__DATA LISTING__
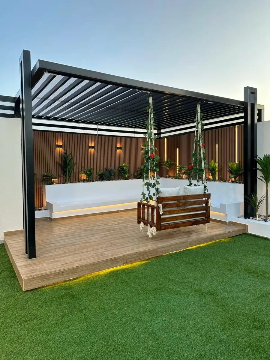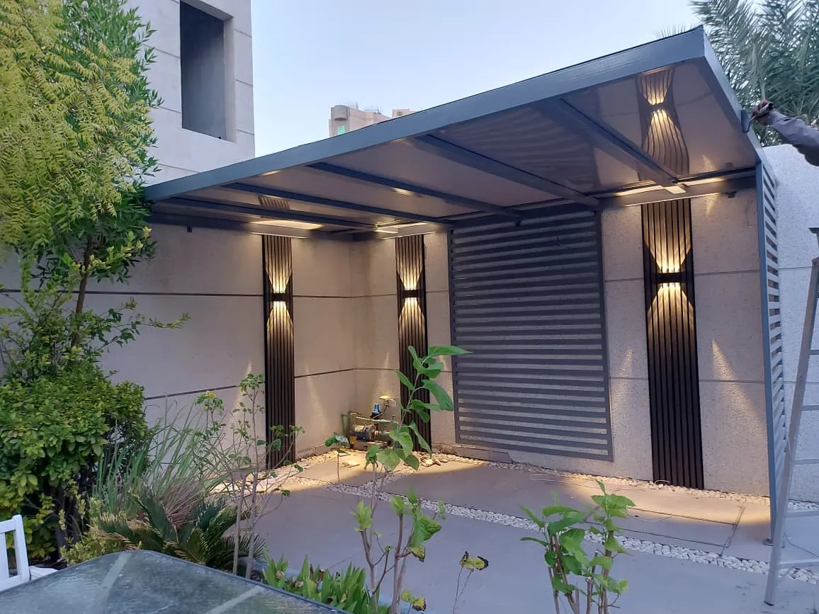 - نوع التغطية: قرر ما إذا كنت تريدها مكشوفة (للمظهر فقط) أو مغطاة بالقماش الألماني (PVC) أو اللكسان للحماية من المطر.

* * *

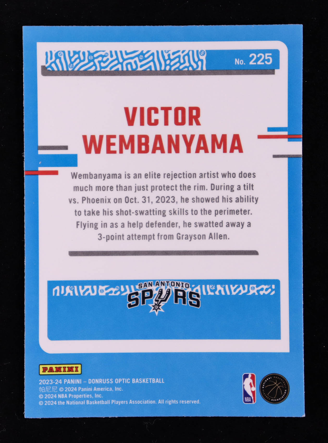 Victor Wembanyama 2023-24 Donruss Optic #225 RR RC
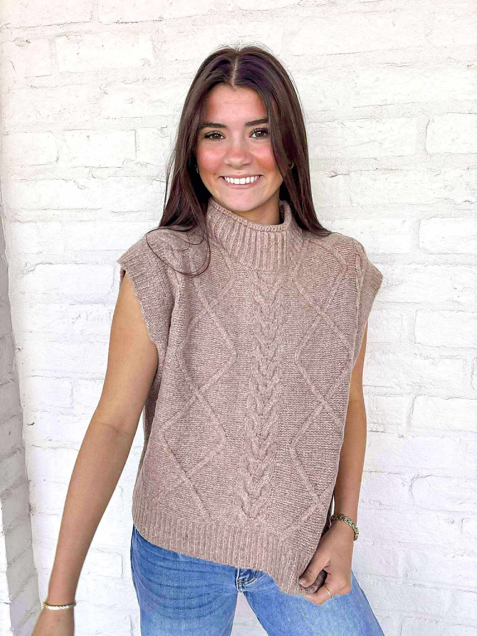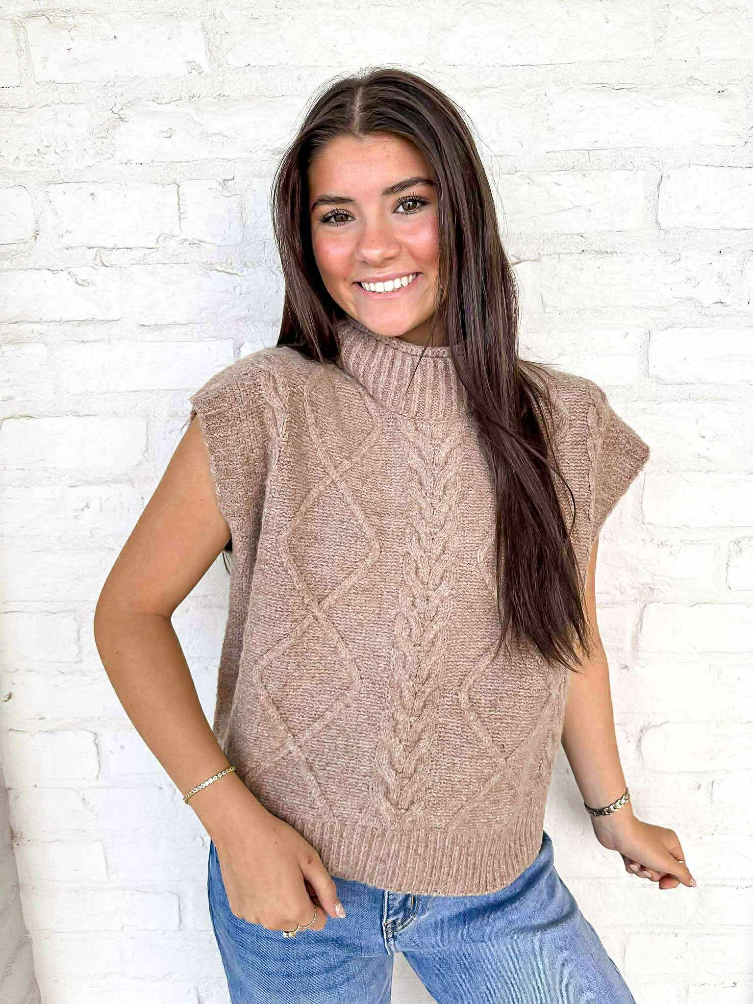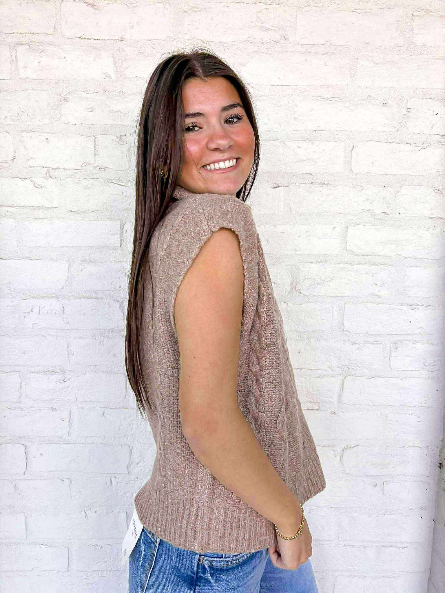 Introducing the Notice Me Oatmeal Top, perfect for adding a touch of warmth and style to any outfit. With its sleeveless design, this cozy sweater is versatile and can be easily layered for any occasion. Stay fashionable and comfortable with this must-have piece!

__TASK INSTRUCTIONS__
Drop the pictures; return the lines above from the line containing "Victor Wembanyama 2023-24" to the line containing "Introducing the Notice", both included, exactly.

__OUTPUT FOR THIS TASK__
 Victor Wembanyama 2023-24 Donruss Optic #225 RR RC
 Introducing the Notice Me Oatmeal Top, perfect for adding a touch of warmth and style to any outfit. With its sleeveless design, this cozy sweater is versatile and can be easily layered for any occasion. Stay fashionable and comfortable with this must-have piece!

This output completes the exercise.